Des militaires européens participant au groupement de forces spéciales Takuba « seront repositionnés aux côtés des forces armées nigériennes dans la région frontalière du Mali », a-t-il précisé. Le Niger héberge déjà une base aérienne et 800 militaires français.
Le Mali était au cœur du dispositif antiterroriste français et européen au Sahel. Emmanuel Macron avait déjà décidé d’amorcer à l’été 2021 une réduction des effectifs français au profit d’un dispositif régional moins visible, mais ce départ contraint du pays force Paris à accélérer cette réorganisation dans d’autres pays de la région menacés par la contagion jihadiste.
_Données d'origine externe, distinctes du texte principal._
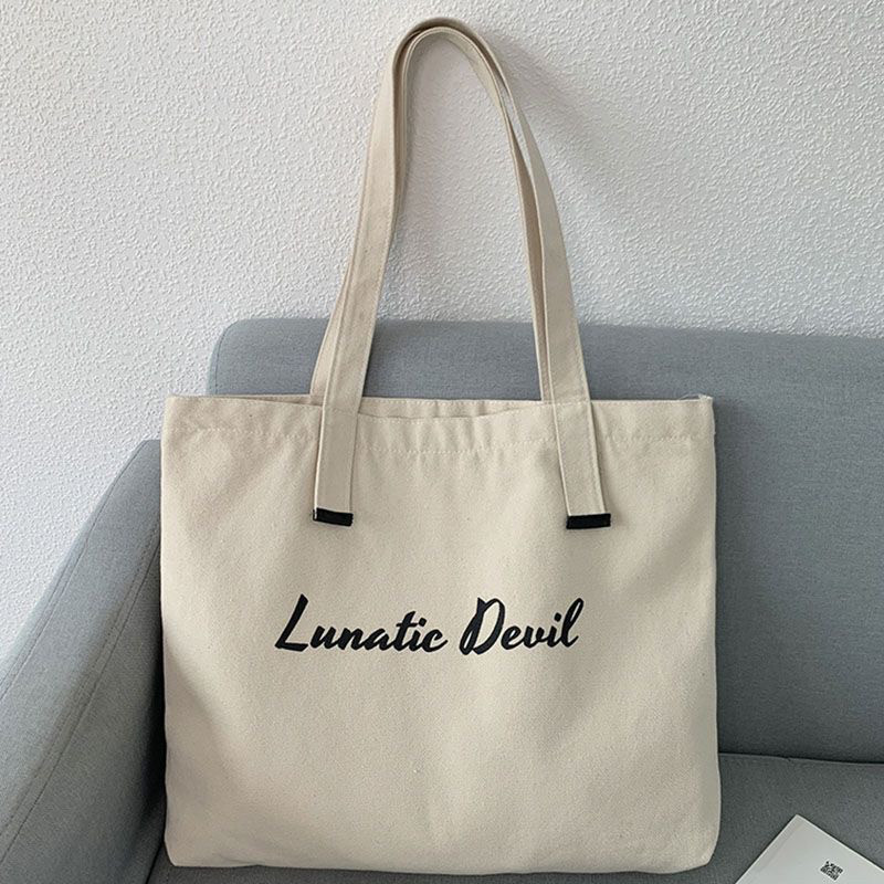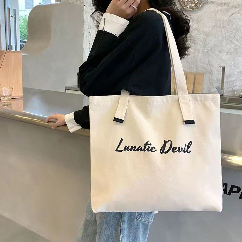 新款欧美风ins女帆布包简约大学生书包布袋单肩包加厚通勤电脑包 - 跳跳糖原创包包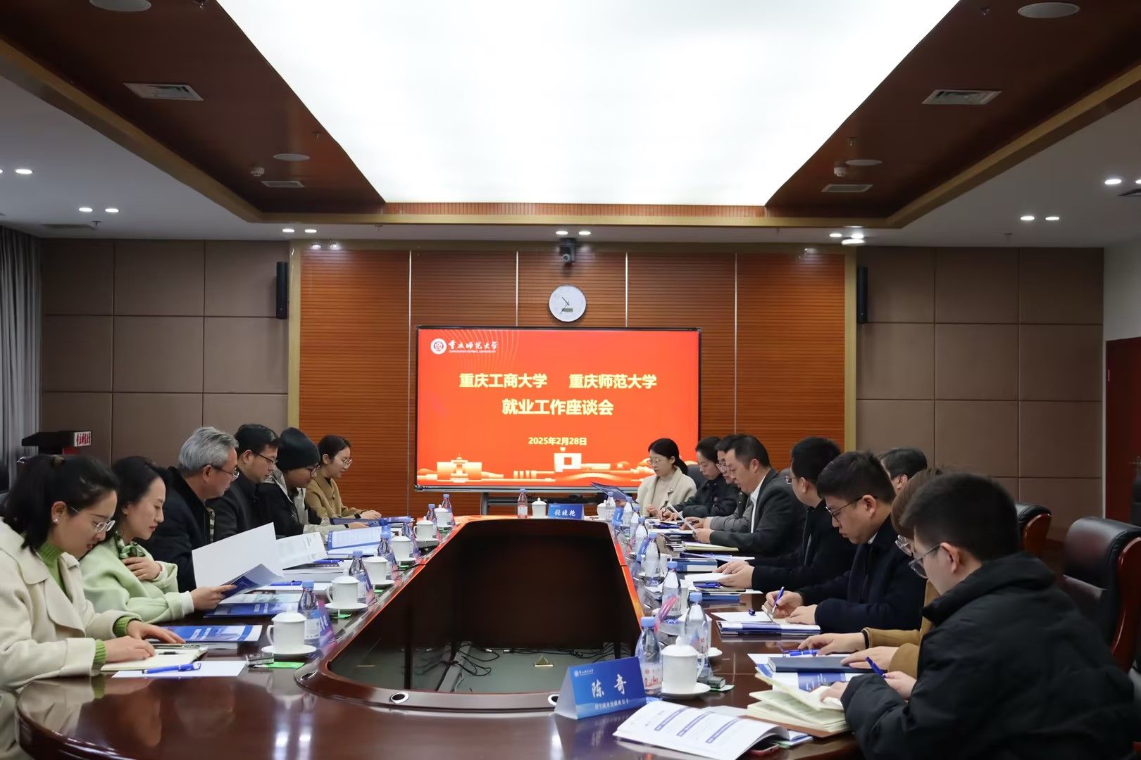 我校党委常委、副校长李国军,招生就业处处长钟增胜、副处长周婷,重庆师范大学副校长付文升,招生就业处处长冉久飞、副处长王睿,地理与旅游学院党委副书记熊宇,初等教育学院党委副书记汤海鹏及两校招就处部分就业工作人员在会议室参加座谈会。王睿主持座谈会。

En s’efforçant de rendre la présence française moins visible.
« Il s’agit de nous recentrer sur les demandes de nos partenaires là où notre contribution est attendue, toujours en soutien et encore davantage intégrée […]. Nous définirons dans les semaines et mois qui viennent l’appui que nous apporterons à chacun des pays de la région sur la base des besoins qu’ils auront exprimés », et « cet appui pourra inclure de l’aide en matière de formation et d’entraînement, de la fourniture d’équipements, voire un appui à leurs opérations contre le terrorisme », a conclu Emmanuel Macron.
Depuis 2013, 53 soldats français ont été tués au Sahel, dont 48 au Mali.